Soon, God brought them an expert web developer who would help them grow their program exponentially. They launched AgapeCatholicMinistries.info together in May 2004.
But rather than succumb to online teaching videos, the Meerts continued to rely on the written word as a central means of communication and teaching.
“It’s work. Our program is very deep, very spiritual, and it’s work,” Christian says. “We take care to place couples with the best possible mentors, who will work with them for up to three months. And if they need more, we give them more.”
Here in the Diocese of Lansing, many couples have benefited from the program, including John Arthur, 25, and Katherine Dzialowski, 24, who attend Holy Spirit Parish in Brighton. Engaged for more than a year now, they plan to wed on March 29th, 2025, in the parish they call home.
Katherine, who works as a youth substance use prevention specialist, says the Agapè marriage prep program has been powerful.
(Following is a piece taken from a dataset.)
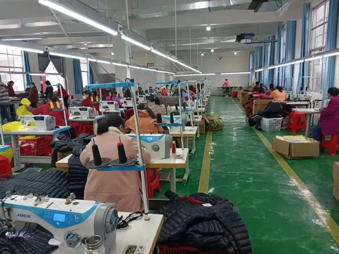 丰盛服装厂里,20余名员工正忙碌地制衣;
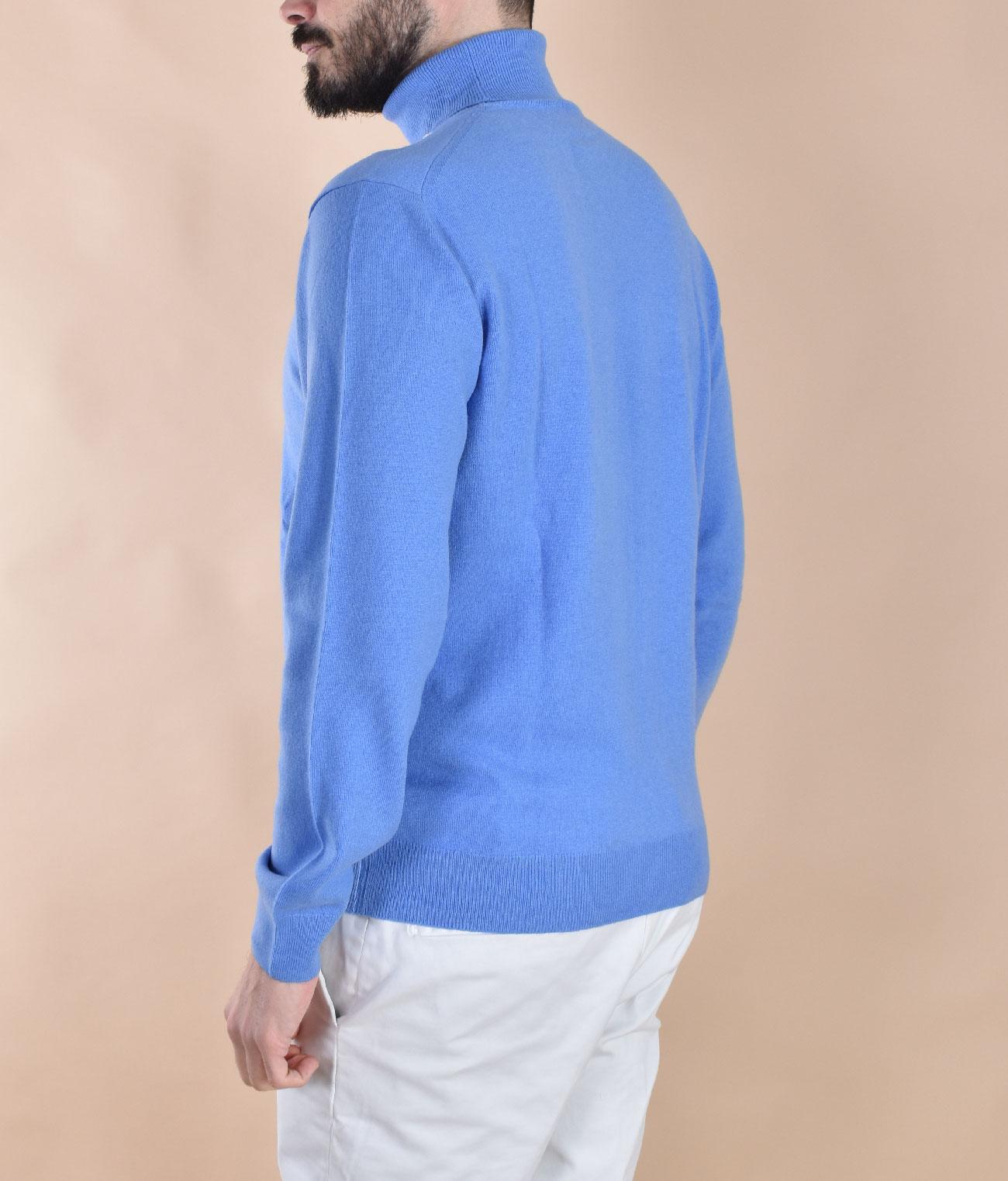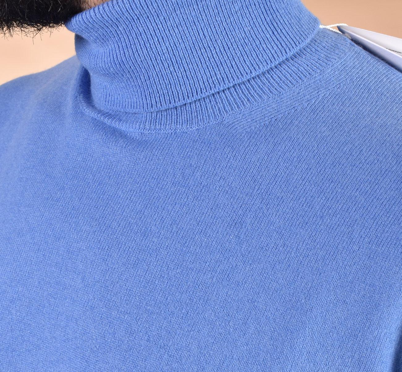 Maglia rasata modello dolcevita, vestibilità regolare, colore oceano. Composizione 80% lana merino extrafine, 20% cashmere. Tessuto morbido e soffice, non provoca fastidio a contatto con la pelle. Made in Italy.

“There was a lot of stuff that was really eye-opening,” she says. “It was very beneficial for both of us, and our communication has improved a lot since then. Every day we continue to learn how to be there for each other in different ways and we are very grateful for the course.”
John agrees. “It really allowed us to pinpoint and focus on communication, for sure. I work in construction, so I was waking up at 4 a.m. and not returning until 7 or 8 p.m., so we would do a couple of hours in the evening. I’m grateful; it’s really allowed us to dive into our faith together.”
Why the work matters
According to the Center for Applied Research in the Apostolate, marriages in the Catholic Church declined by 70 percent between 1970 and 2020. Prayer, programming, and proper catechesis among young couples are essential to be sure the sacrament of matrimony is strengthened.
As the Meerts and their team continue to measure results, they have noted surprising results:
August 2024 program evaluations showed an overwhelming 98.5 percent positive feedback.
Among August Agapè participants, 81 percent of couples are choosing abstinence before marriage, while more than 17 percent are considering it. Only 1.74 percent have rejected the concept.
In this same group, nearly 75 percent say they are now more open to Natural Family Planning.